As an academic, I have always thought that you had to be crazy to want to go into academia. The benefit is that you get to do what you love, whereas the downside is that you are overworked, not paid well, and have to deal with aggressive alpha males who are the best adapted to surviving this crazy system.
So yes, if you mistakenly thought that becoming an academic would be just like getting a "normal job" then of course you might want to be #leavingacademia.
Someone recently told me the story of a department chair saying "Why should you expect to get paid more when you would do the same work for even less ?" And it is true: I am that person, and I am not normal. I knew that from the beginning. But just because it has always been like that doesn't justify that we should continue with our cherished traditions.
@mrak My answer: "Because I deserve to be remunerated not only for the work but also for the experience that I garnered which allows me to do the work effectively"
@mrak What that department chair is saying is that all that corporate speak about caring about employees and being a family is all made up to make you feel complacent and obligated, and they'll rip you off and even potentially dump you if you expect to be treated with even the most basic modicum of respect.
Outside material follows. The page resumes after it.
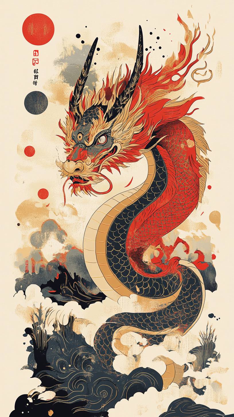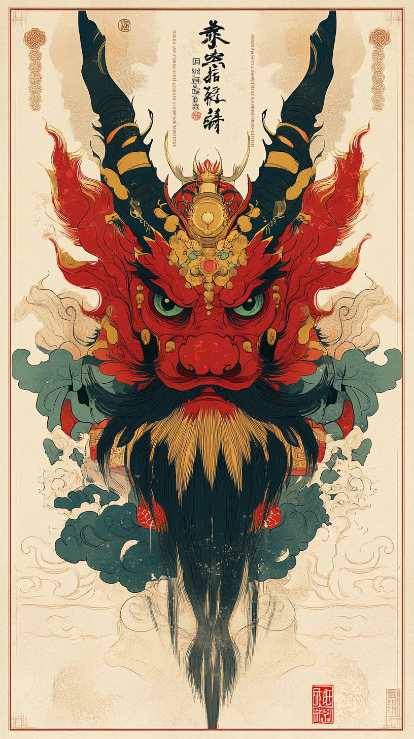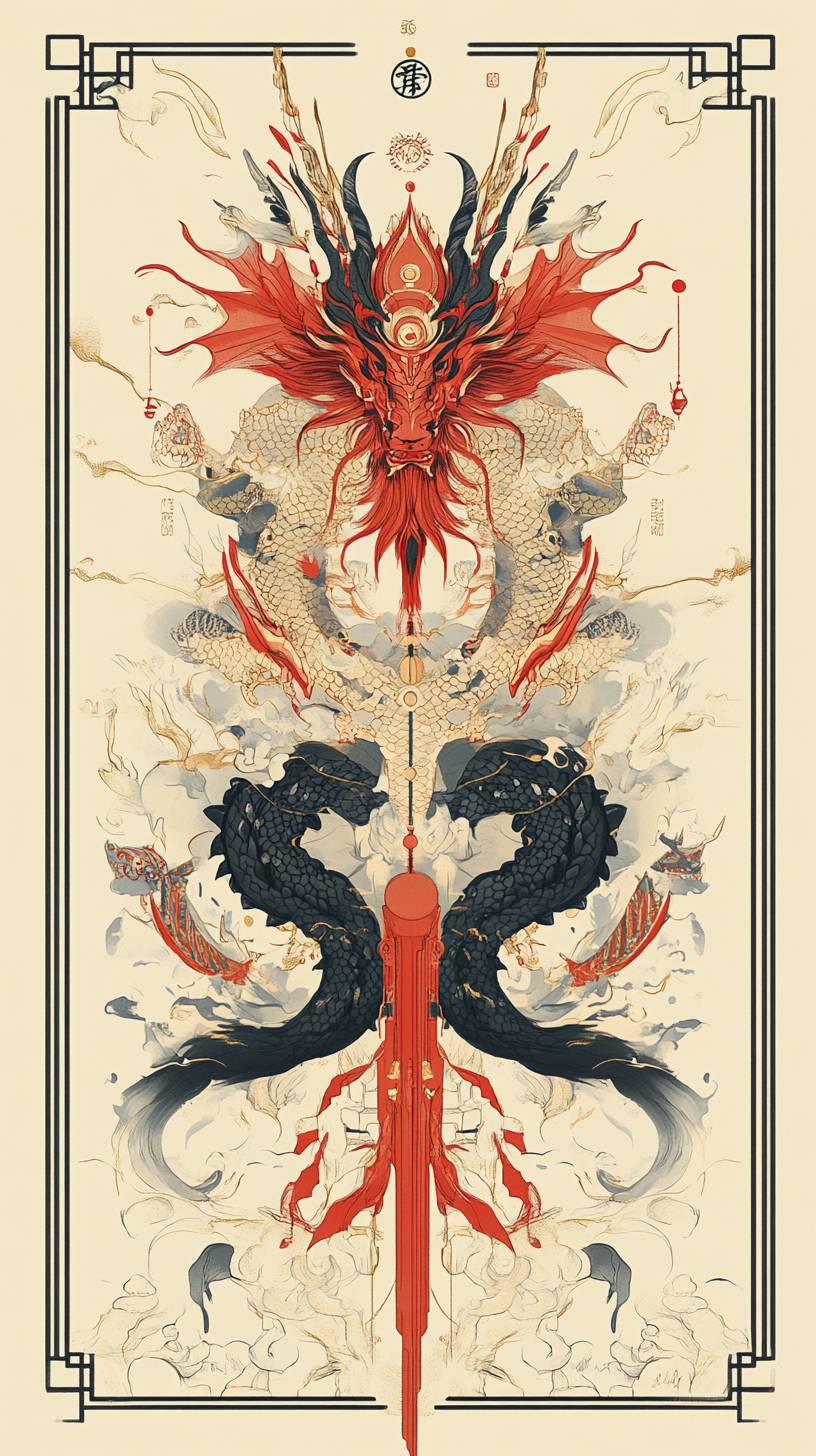Minimalist tarot card design ,An animal from the legend of Classic of Mountains and Seas,Set against the backdrop of minimalist tarot design. , Whole-body animal, traditional costumes and decorations, in a poster style, high resolution,A traditional Chinese-style print ,Chinese traditional mythical creature illustration,majestic atmosphere, in the style of traditional Chinese art.,The details are intricate, set against a Chinese ink painting background with traditional printmaking techniques, such as woodcut printing.The animal in Chinese mythology and legend, the Candle Dragon, has a red body and a human face with a snake body. It has both a human face and a snake body, with long, vertical eyes.The background is beige framed by black lines. --ar 9:16 --stylize 250 --v 6.1
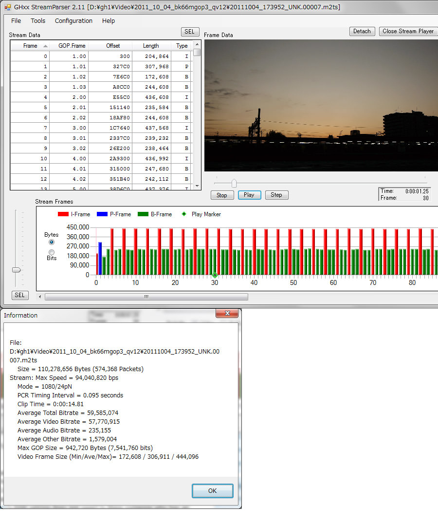 フレームサイズが、GOP1は37~40に対し、GOP3は44なんで、非常に微妙な差だなぁと思いました。

You're a cog in their machine, and that's it. If they're expecting more from you than what they're paying you to do, then you're being taken advantage of. That's it.
My dreams of working in academia died quickly one year into grad school. I got one solid whiff of the stuffiness and backstabiness and just walked away.
My parents were professors and teachers. I'm sad to have never gone into academia, but it's just not worth getting into anymore. Especially in humanities (oh, the humanities!)